MS sufferer goes for same treatment that proves a life line for his sister

A grandfather who suffers from multiple sclerosis will travel to Mexico for a pioneering new treatment which has proved life changing for his sister whose own MS left her in a wheelchair.

Thursday, 20th October 2016, 11:30 am
Updated Tuesday, 25th October 2016, 3:47 pm
MS sufferer Anthony Knight.

Anthony Knight (67), of Rimington, is scheduled to have the stem cell therapy – which will cost around £40,000 and last for 28 days – in May.

The treatment, which uses the patient’s own stem cells to prevent rejection, also uses chemotherapy.

Mexico, Canada and some eastern European countries are working with this new treatment, but it is still under trials in the UK.

Anthonys wife Joyce Knight (centre) with the couples daughter Amy Robinson (left) and Jean Wilkinson, the couples son Chriss mother-in-law (right).

The grandfather-of-nine’s condition has gradually worsened over the 30-plus years that he has fought the illness with Anthony now only able to walk to the bottom of his garden and back.

“Anthony used to go for a walk around the village, but in the last six months his condition has got progressively worse every day,” explained Anthony’s wife Joyce, nee Sharpe, (66), who used to be a practice manager in Nelson and Accrington. “Due to Anthony’s deteriorating health, the couple, who live at Pendle Terrace, have been forced to cancel a holiday to Tenerife and trips away in their caravan have also come to an abrupt end thanks to the unpredictable life-limiting condition.

“I’ve got to the stage now where I’ve just had enough,” said Anthony.

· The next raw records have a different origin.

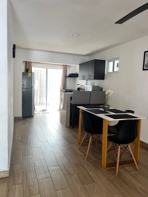 Nyt denne rolige og sentrale boligen i første etasje. Mindre enn 100 meter fra ADO bussterminal, et hjørne fra Soriana og Playamed sykehus, samt noen få hjørner fra inngangen til hotellområdet og Puerto Cancún, et rent, rolig og trygt sted. Den har to rom med kingsize-seng, kjøkken med alt du trenger, mikrobølgeovn, kaffetrakter og høyhastighets internett. Svært nær restauranter, barer, markedene 23, 28 og Parque de las Palapas.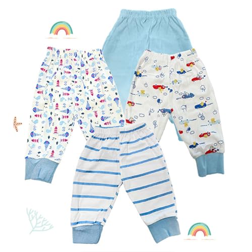 Baby Story Cotton Pajama Pants Combo Pack | Unisex Soft Cotton Track Pants For Newborns & Infants | Comfortable, Stylish, Multicolor Designs | Pack Of 4 (0-3 Months, Sky Blue)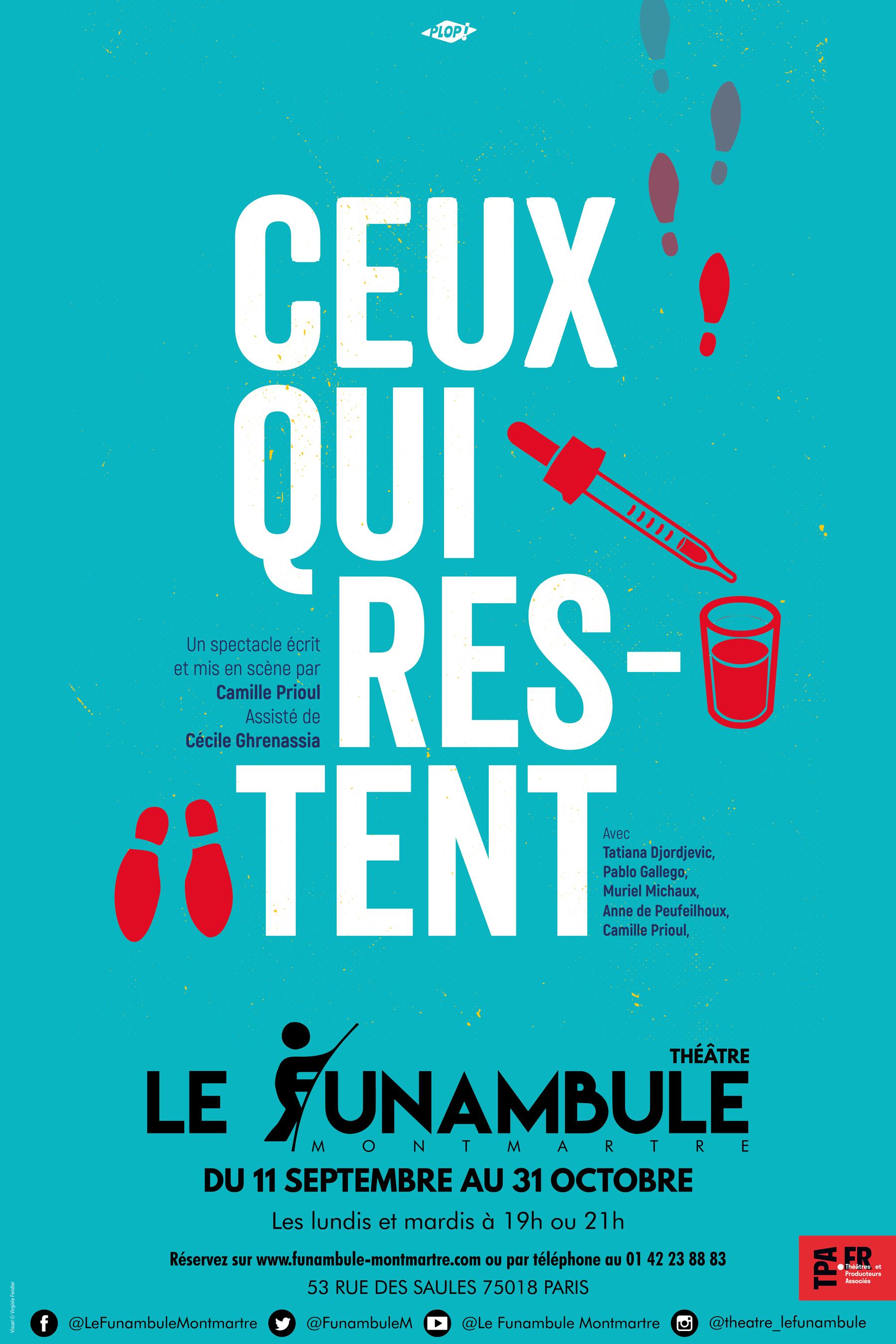 avant que de partir j'ai des choses à vous dire : j'aime le Funambule, j'en apprécie les programmations et je fais partie de ceux qui sont fidèles jusqu'au bout et ça tombe bien car je ferai partie toujours de ceux qui restent ! Anne de Peufeilhoux que j'apprécie pour l'avoir vu su dans un précédent spectacle, intelligent et drôle (seule en scène) est ici dans un registre qui pourrait vous prendre à la gorge (un p'tit nougat pour faire glisser) si l'écriture intelligente n'avait pas évité le pathos en nous maintenant en équilibre entre le rire et les larmes. La comédienne est magnifiquement assistée par de jeunes et talentueux partenaires, naturels et ô combien justes et crédibles. Ne craignez pas le sujet la peur n'évite pas...vous savez bien mais ici vous aimerez la vie à en crever, vous vous direz que la vie c'est une sacrée addition : celles de moments heureux dont il faut soustraire les drames et les peines. Vous penserez aux autres plus qu'à vous même avec pour seule boussole le bien être et la volonté de cet autre pour ne pas vous briser sur l'île du pathos. Là-bas toutes les sirènes vous chanteront les chants funèbres (c'est dans la brochure du programme!). Ne ratez pas "ceux qui restent", ils(les comédiens) ont besoin de vous et les pièces de qualité sont une excellente médecine. Bravo à tous et merci au Funambule!.

“I’m not expecting miracles, but if they can just stop it that would be amazing.”

Anthonys wife Joyce Knight (centre) with the couples daughter Amy Robinson (left) and Jean Wilkinson, the couples son Chriss mother-in-law (right).

For the former waggon driver’s sister Andrea, who lives in New Zealand, the result of the treatment has been just that.

Diagnosed with the debilitating chronic condition in the late 1980s Andrea had been confined 
to a wheelchair before she went for the stem cell therapy last year.

“After the treatment the progression of Andrea’s MS stopped and she is now out of her wheelchair and going to the gym to build up the muscles in her legs,” said Anthony. “It’s amazing that she has the energy 
to do that.”

Andrea emigrated to New Zealand when she was 17 and used to work as a post lady cycling around delivering mail. However, it was when she started to struggle with her balance and started to fall off her bike that Andrea found out that she had MS.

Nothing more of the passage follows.